Mysql – Is it possible to reduce a group to a row based on some criteria

aggregategroup byMySQL

I'd like to perform a select on a table involving a GROUP BY such that all rows that share the same set of identifiers are grouped together, but I want to reduce the group to one of the grouped rows based on some criteria. For example, the maximum date_added. However, there are other fields of data that could be different among the grouped rows. I want all of those columns to resolve to the row with the max date_added as well.

I realize to get the max date_added I could simply SELECT MAX(date_added), but that is just a column-level aggregate function. Is there any way I can resolve the entire row in a group?

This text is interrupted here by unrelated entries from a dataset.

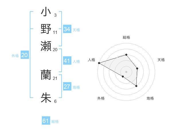 小野瀬 蘭朱さんを姓名の画数から五運を鑑定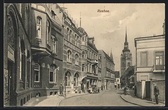 AK Itzehoe, Blick durch die belebte Strasse
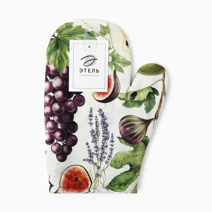 Варежка-прихватка "Этель" Фруктовый сад 20х27см,100% хлопок, ватин 250г/м2 (двухсторонняя) — Характеристики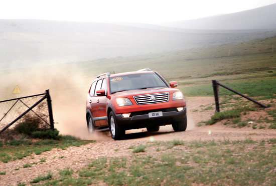 为验证霸锐出色的路上性能,我们选择了夏日的草原,翻过一座座山,到达蓝天和草地的世界。霸锐的车身毕竟很大,轴距太长,虽有出众的悬架系统,依然无法避免转急弯时的侧倾,尤其是后排的感觉比较强烈,这源于后轮的转向不足,有向外甩的趋势,轮胎的动作有时会反应到车里。高悬架对于坑洼路面柔韧有余,草原上行驶可以肆意驰骋,悬架的对路面状况的过滤效果很好,车内没有出现过多的颠簸。霸锐的噪声控制值得称道,安静的草原上,凶悍的发动机却更加安静,怠速在车中竟感觉不出发动机的运转,发生了数次重复打火的现象。行驶在路上时,车内乘员自然也不会为发动机或车外的噪声烦心。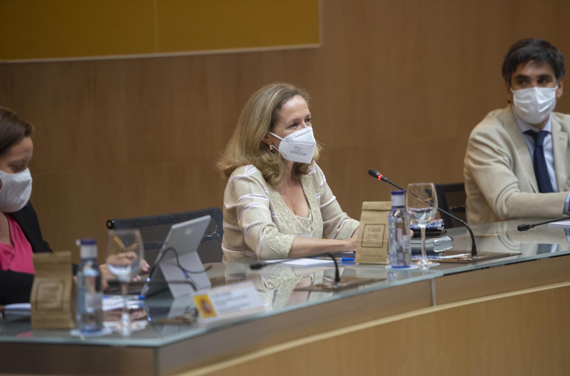 Sobre los fondos europeos, Calviño ha explicado que el Ejecutivo español está terminando el proceso junto con la Comisión Europea para que se produzca el primer desembolso de prefinanciación de 9.000 millones, que se prevé en el curso del verano.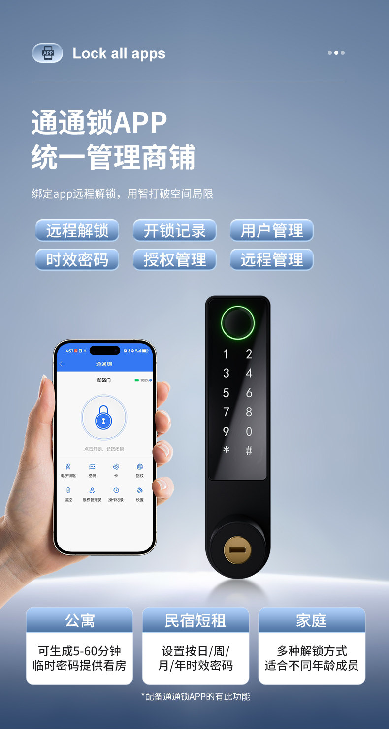 | Electronic Type | Ic Card Lock,Fingerprint Lock,Password Lock,Key Unlock |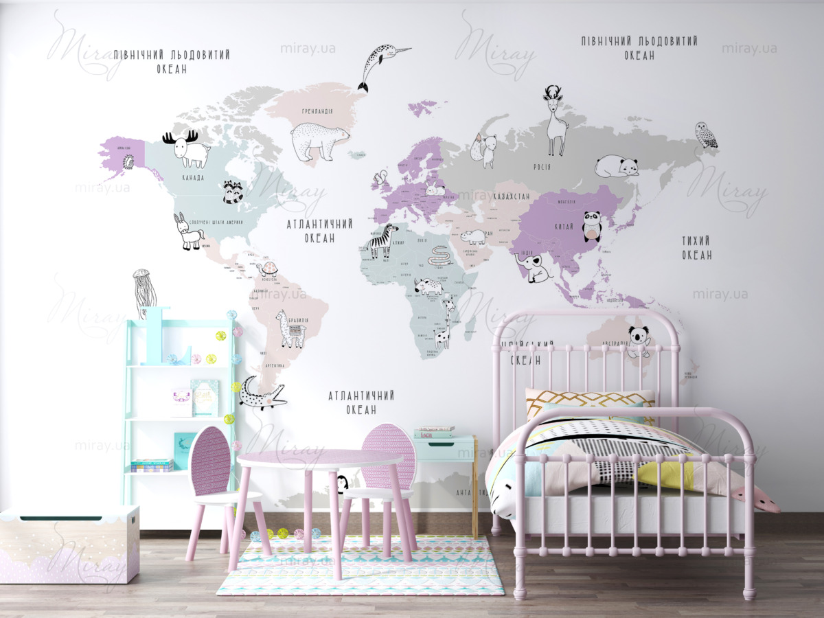 This is not just a decor, it is part of the knowledge of the world, the development of the child, his knowledge of our planet. Incredibly beautiful and stylish card will become the main decoration of the children’s room

Conceptually, if you imagine each group as a separate table, I want to SELECT * WHERE date_added=(SELECT MAX(date_added)) from that group table.

Best Answer

The traditional solution, the one you may find in books, is to do a self join: first find that "max date per group" of yours, then join to self table on rows with said max date.

However, some hacks allow you to avoid that. Consider the following query:

SELECT
  MAX(date_added) AS date_added,
  SUBSTRING_INDEX(GROUP_CONCAT(some_column ORDER BY date_added DESC), ',', 1) AS some_column,
  SUBSTRING_INDEX(GROUP_CONCAT(another_column ORDER BY date_added DESC), ',', 1) AS another_column
FROM t
GROUP BY whatever

GROUP_CONCAT is an aggregation function which implodes values onto one string. It allows for ORDER BY, which we utilize via ORDER BY date_added DESC so as to implode our desired value first. We then slice up the first token in the string via SUBSTRING_INDEX.

The downside here (apart from making the query quite the frightening appearance) is that your numerical values are transformed into texts. Typically no big deal with SQL, but please be aware.

See also my old post: Selecting a specific non aggregated column data in GROUP BY

There's another option where you do a semi-self-join, a much lighter one; you will have to give up usage of index. It's quite long to describe; it still uses GROUP_CONCAT and SUBSTRING_INDEX, but only for the purpose of creating a derived table with only relevant keys. This derived table is then joined with original table. See an example in SQL: selecting top N records per group, another solution.